A Constituição Federal (CF) de 1988 em seu Art. 208, afirma que “O dever

do Estado com a Educação será efetivado mediante a garantia de [...]

atendimento em creche e pré-escola, às crianças até 5 (cinco) anos de idade”

(Inciso IV).

Já o Estatuto da Criança e do Adolescente (ECA) de 1990 reitera o direito

à Educação Infantil em seu Art. 54: “É dever do Estado assegurar à criança e ao

adolescente [...] atendimento em creche e pré-escola às crianças de zero a seis

anos de idade” (Inciso IV).

Em 1996, a Lei de Diretrizes e Bases da Educação Nacional (LDBEN),

atendendo à determinação da Constituição Federal, reforça o cuidado à

Educação Infantil nos artigos:

Art. 29. A Educação Infantil, primeira etapa da Educação Básica, tem como finalidade o desenvolvimento integral da criança até cinco anos e onze meses de idade, em seus aspectos físico, psicológico, intelectual e social, complementando a ação da família e da comunidade. Art.30. A Educação Infantil será oferecida em: I – creches, ou entidades equivalentes, para crianças de até três anos de idade; II – pré-escolas, para crianças de quatro a cinco anos e onze meses de idade. Art.31. Na Educação Infantil a avaliação far-se-á mediante acompanhamento e registro do seu desenvolvimento, sem o objetivo de promoção, mesmo para o acesso ao Ensino Fundamental.

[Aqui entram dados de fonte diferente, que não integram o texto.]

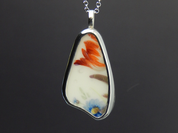 Pendant made from a shard from an original two hundred year old Nantgarw porcelain plate. The shard has been encapsulated in hallmarked sterling silver and supplied with a 20inch solid silver chain.

Em 2009, a Emenda Constitucional nº 59 altera a Constituição Federal,

estabelecendo no seu Artigo 1º:

Os incisos I e VII do art. 208 da Constituição Federal, passam a vigorar com as seguintes alterações: Art. 208. [...] I – Educação básica obrigatória e gratuita dos 4 (quatro) aos 17 (dezessete) anos de idade, assegurada inclusive sua oferta gratuita para todos os que a ela não tiveram acesso na idade própria; Art. 211 [...]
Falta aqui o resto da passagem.